Wie sieht es bei deiner Arbeit als Teamchef aus? Was ist für dich anders?
Die Struktur und die Kostenspanne. Der ATS Formel-3-Cup ist familiärer und einfacher im allgemeinen Umgang. Das beginnt schon beim Auf- und Abbau der Zelte, der problemloser geregelt ist. Ein großer Unterschied sind auch die Sitzungen, in denen wir Teamchefs uns austauschen können. Das gibt es zwar auch in der Euroserie, aber in einem viel engeren Rahmen. Im ATS Formel-3-Cup kann man immer seine Fragen und Vorstellungen vorbringen. Dort wird viel familiärer gearbeitet und die Formel-3-Vereinigung versucht immer einen Gleichklang zwischen allen Beteiligten zu schaffen. Die Formel-3-Euroserie ist eher das harte Geschäft.
Findest du den Ablauf für einen jungen Piloten zuerst den ATS Formel-3-Cup zu bestreiten und dann in die Euroserie zu gehen sinnvoll?
Ja, für diesen Werdegang war ich schon immer ein Befürworter. Der Schritt, zum Beispiel aus der Formel BMW in die Euroserie ist einfach zu groß. Natürlich ist es möglich mit einem gut vorbereiteten Fahrer, der ohne Druck in die Saison geht, auch so einen großen Schritt zu wagen.

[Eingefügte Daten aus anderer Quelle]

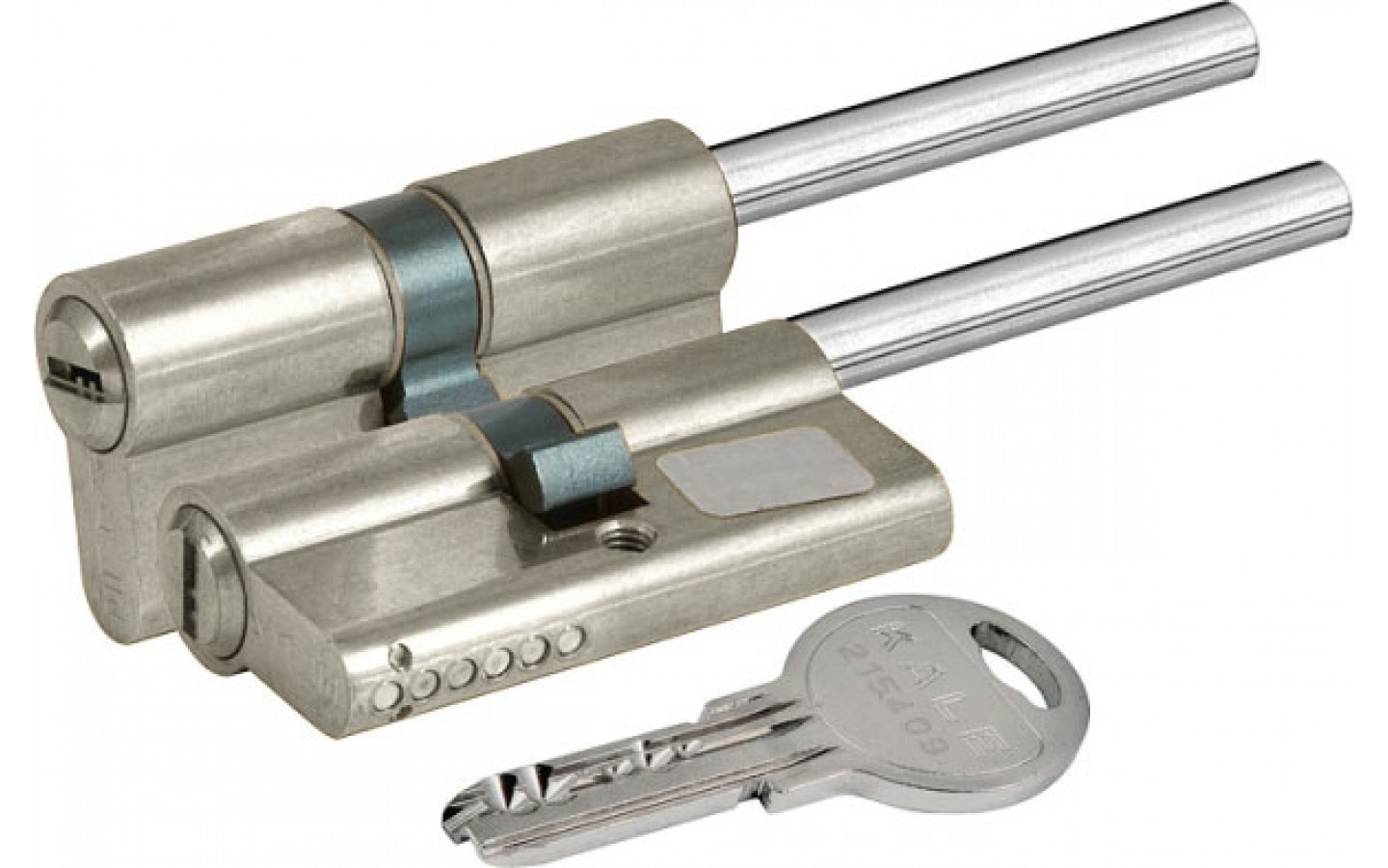 Цилиндровый механизм под вертушку с длинным штоком серии 164 SX имеет 2 класс безопасности. 6 латунных комбинативных пинов обеспечивают 91 000 комбинаций. Секретные пины грибовидной формы позволяют противостоять открытию методом подбора секретного кода. Защитные стержни выполнены из высокопрочной стали, защищающей механизм от разрушения методом высверливания. Тип ключа: перфорированный. Исполнение: ключ-шток. Комплектация: 5 латунных ключей, крепежная фурнитура. Размер: 76 (40+10+26) мм. Цвет: никель.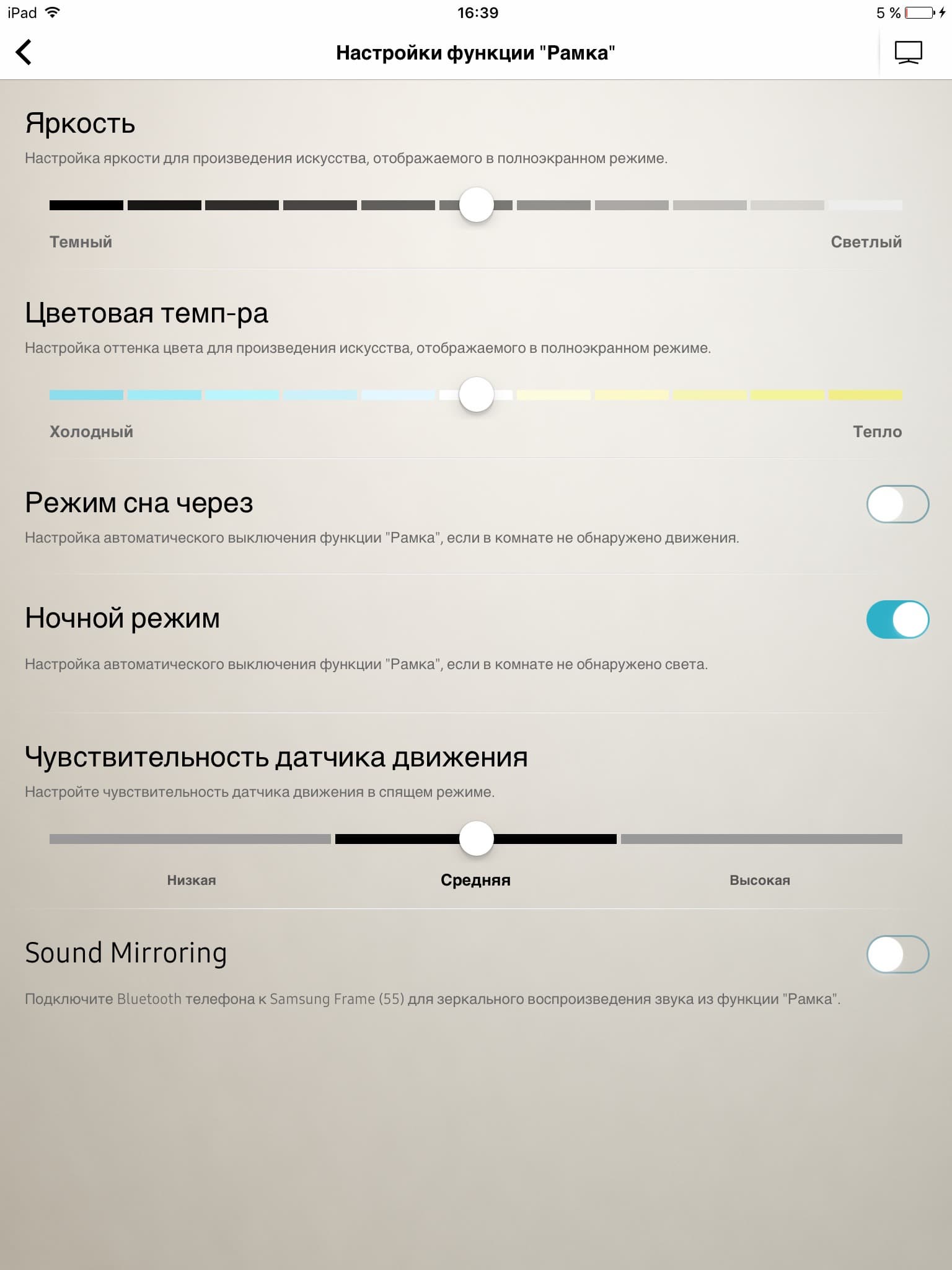 Расширенные настройки режима «Картина» доступны только из приложения Smart View. Там пользователь может отрегулировать яркость, цветовой тон, включить режимы автоматического перехода в спящий режим, если в помещении выбранный период времени отсутствует движение, или если выключен свет, настроить чувствительность датчика движения и включить режим передачи звука с мобильного устройства по Bluetooth на телевизор. В последнем случае показ картины может иметь звуковое сопровождение.

Aber auf diese Weise werden Fahrer auch schnell ″verbrannt″. Denn oft will der Pilot einfach zu viel. Der ATS Formel-3-Cup ist ein guter Einstieg. Hier kann der Fahrer viel üben und weiter nach vorne kommen. Aber man muss auch die Zeit haben, ein oder zwei Jahre im ATS Formel-3-Cup zu fahren und dann aufzusteigen.
Worauf kommt es dir in der der Zusammenarbeit mit deinem Fahrer an?
In erster Linie Vertrauen. Der Fahrer sollte auch versuchen, das umzusetzen, was ich ihm versuche zu vermitteln, um ihn nach vorne zu bringen. Motorsport ist nun mal kein Zuckerschlecken. Im Motorsport braucht man, wie im Leben generell, eine gewisse Härte.